* _Exercise brief_: If a line below falls between the line with "(서울=포커스뉴스) 12일 오전" and the line with "Those wanted for", or is one of those two, output it exactly; output nothing else and no pictures.

*** Opening Data for this exercise ***

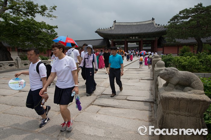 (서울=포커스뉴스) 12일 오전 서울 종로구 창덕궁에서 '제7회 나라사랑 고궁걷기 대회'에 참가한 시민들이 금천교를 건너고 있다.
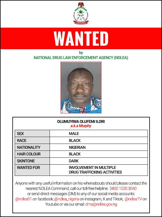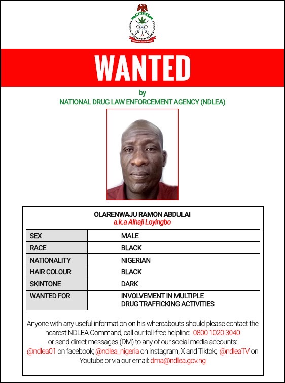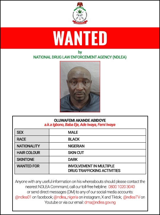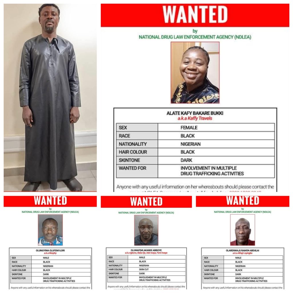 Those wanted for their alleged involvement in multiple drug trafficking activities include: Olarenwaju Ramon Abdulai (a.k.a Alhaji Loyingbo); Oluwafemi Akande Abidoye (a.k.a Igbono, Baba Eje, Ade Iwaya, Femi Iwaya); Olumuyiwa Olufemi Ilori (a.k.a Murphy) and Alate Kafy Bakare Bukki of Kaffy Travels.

*** Closing Data for this exercise ***
*** Opening Data for this exercise ***

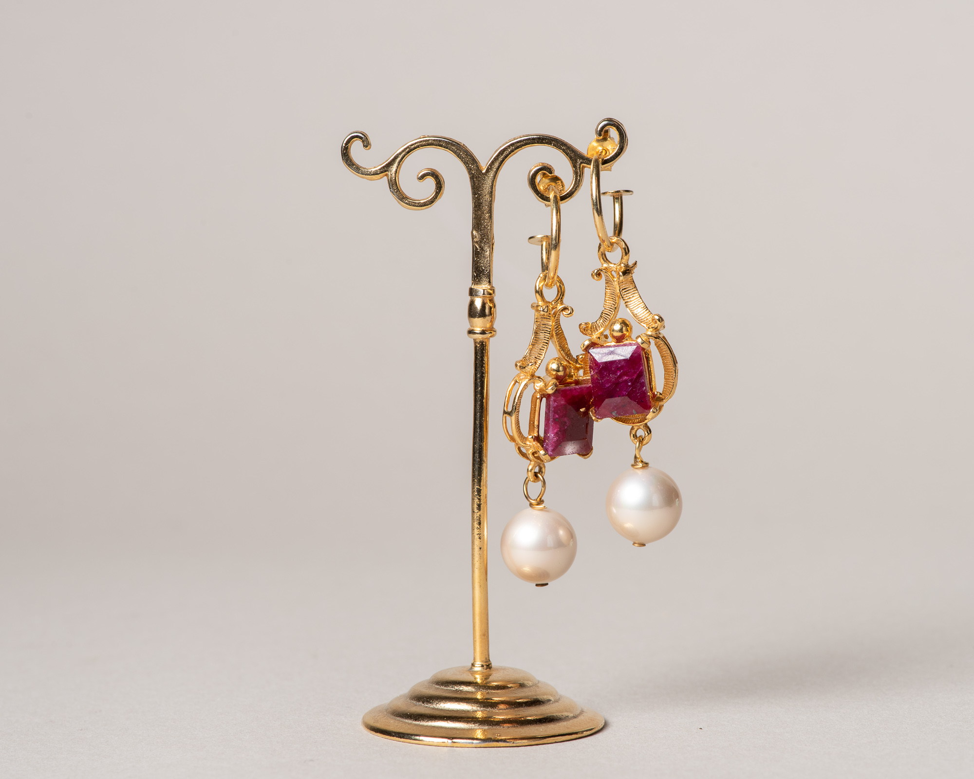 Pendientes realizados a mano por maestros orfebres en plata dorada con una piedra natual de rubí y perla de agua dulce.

*** Closing Data for this exercise ***
*** Opening Data for this exercise ***

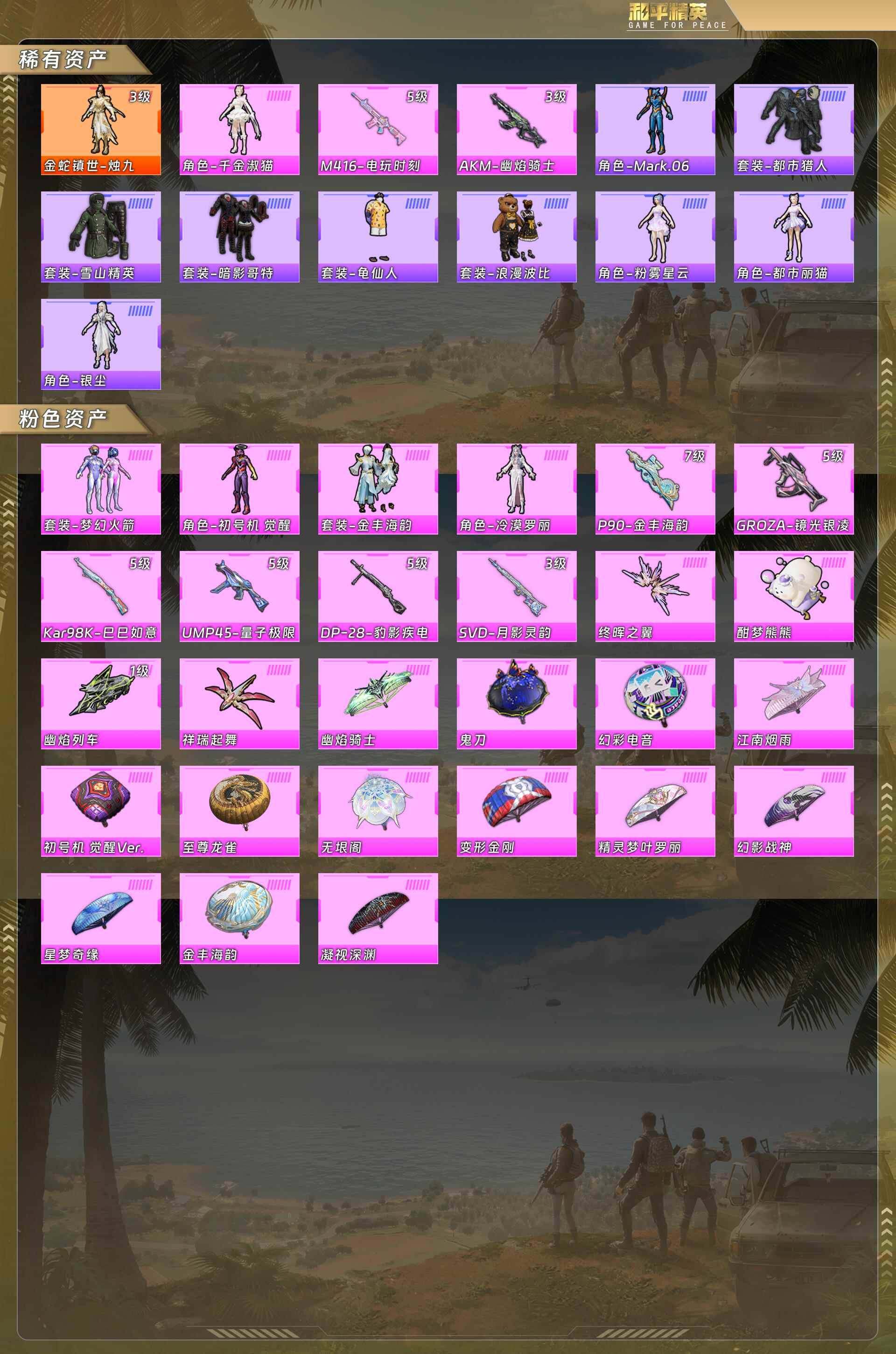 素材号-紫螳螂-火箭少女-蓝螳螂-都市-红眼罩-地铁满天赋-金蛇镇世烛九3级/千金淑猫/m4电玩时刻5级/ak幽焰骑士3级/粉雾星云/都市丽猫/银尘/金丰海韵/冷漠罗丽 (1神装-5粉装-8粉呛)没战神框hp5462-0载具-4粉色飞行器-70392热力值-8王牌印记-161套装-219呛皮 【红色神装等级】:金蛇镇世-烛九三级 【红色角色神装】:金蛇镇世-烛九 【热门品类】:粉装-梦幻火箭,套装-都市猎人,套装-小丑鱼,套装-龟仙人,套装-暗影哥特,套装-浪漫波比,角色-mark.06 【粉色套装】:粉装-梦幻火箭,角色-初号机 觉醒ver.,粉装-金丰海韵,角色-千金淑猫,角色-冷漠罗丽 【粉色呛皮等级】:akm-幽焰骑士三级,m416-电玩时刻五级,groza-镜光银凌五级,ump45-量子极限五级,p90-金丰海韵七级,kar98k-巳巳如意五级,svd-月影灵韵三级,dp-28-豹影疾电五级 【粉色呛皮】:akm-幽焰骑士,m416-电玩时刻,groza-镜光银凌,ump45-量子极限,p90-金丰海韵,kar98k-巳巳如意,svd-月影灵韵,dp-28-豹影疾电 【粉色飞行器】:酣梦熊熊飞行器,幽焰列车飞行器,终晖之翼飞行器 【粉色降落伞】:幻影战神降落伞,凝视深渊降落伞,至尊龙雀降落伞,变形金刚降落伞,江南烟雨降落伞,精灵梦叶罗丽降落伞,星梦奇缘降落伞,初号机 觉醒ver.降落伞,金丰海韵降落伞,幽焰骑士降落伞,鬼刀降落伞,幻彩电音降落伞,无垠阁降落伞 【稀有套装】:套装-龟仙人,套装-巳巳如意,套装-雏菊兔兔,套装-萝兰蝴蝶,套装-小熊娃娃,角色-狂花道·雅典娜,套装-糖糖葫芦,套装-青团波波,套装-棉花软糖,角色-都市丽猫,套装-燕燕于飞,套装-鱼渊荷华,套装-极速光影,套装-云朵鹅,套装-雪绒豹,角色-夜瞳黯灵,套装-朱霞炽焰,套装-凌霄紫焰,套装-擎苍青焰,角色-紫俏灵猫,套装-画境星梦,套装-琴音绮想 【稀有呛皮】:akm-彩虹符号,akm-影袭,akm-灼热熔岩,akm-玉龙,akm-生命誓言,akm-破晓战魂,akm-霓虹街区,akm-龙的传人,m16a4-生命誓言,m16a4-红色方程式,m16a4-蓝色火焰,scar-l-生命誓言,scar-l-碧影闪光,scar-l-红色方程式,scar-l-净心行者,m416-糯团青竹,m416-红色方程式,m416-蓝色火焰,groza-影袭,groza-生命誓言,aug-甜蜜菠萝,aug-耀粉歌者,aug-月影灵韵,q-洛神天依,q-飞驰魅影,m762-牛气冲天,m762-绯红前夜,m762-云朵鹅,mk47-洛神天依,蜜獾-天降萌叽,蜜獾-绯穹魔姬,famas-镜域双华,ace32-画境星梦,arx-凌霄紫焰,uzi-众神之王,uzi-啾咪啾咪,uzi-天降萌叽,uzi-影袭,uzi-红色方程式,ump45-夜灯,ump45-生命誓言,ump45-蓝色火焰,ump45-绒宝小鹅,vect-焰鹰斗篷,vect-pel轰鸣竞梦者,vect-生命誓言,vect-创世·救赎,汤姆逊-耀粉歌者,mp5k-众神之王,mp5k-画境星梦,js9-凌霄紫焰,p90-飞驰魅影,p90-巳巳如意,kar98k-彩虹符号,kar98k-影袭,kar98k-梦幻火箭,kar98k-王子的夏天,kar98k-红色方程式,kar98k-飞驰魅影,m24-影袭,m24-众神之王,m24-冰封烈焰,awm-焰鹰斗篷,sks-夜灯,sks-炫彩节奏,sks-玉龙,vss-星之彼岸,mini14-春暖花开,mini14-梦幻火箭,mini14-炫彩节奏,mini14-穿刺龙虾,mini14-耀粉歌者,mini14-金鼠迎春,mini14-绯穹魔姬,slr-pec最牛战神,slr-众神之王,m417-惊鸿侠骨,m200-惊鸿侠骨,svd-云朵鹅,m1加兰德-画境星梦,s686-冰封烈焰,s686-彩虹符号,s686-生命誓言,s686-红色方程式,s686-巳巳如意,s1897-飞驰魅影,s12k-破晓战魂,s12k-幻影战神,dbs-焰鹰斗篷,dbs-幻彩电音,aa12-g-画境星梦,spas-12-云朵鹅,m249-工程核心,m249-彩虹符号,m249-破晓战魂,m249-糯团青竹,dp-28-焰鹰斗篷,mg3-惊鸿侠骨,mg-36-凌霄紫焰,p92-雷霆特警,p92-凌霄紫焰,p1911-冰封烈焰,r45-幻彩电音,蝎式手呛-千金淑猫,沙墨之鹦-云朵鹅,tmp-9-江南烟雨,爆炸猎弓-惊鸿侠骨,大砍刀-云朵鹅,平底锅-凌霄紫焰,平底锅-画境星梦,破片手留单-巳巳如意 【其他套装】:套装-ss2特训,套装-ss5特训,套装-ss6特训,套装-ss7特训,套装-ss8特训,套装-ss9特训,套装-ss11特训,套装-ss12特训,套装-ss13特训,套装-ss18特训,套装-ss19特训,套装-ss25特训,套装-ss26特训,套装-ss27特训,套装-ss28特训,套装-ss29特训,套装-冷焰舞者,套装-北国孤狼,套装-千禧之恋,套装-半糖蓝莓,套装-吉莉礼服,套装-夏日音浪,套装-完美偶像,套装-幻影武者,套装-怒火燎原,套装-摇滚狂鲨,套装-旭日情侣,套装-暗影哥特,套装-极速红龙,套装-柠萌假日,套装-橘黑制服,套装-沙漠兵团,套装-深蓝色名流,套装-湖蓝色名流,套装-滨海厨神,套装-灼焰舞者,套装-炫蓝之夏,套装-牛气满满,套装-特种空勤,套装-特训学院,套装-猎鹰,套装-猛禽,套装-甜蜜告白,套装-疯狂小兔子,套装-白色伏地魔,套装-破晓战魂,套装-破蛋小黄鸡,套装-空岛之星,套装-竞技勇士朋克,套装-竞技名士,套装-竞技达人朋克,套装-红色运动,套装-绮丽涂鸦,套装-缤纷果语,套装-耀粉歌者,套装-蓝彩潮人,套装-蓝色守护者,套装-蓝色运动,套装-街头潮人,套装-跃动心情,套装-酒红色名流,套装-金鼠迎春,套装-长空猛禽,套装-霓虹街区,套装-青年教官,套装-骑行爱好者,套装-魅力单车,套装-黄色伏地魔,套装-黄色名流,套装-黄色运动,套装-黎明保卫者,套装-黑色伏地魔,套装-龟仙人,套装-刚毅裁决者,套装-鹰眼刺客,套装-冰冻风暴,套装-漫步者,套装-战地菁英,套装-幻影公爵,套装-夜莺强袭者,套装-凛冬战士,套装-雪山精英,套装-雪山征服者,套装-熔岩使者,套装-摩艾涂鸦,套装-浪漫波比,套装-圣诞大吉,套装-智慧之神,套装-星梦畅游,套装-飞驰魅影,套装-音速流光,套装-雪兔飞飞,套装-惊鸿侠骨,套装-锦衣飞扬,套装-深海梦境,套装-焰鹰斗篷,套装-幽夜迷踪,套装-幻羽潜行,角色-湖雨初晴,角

*** Closing Data for this exercise ***

* _Written solution_:
 (서울=포커스뉴스) 12일 오전 서울 종로구 창덕궁에서 '제7회 나라사랑 고궁걷기 대회'에 참가한 시민들이 금천교를 건너고 있다.
 Those wanted for their alleged involvement in multiple drug trafficking activities include: Olarenwaju Ramon Abdulai (a.k.a Alhaji Loyingbo); Oluwafemi Akande Abidoye (a.k.a Igbono, Baba Eje, Ade Iwaya, Femi Iwaya); Olumuyiwa Olufemi Ilori (a.k.a Murphy) and Alate Kafy Bakare Bukki of Kaffy Travels.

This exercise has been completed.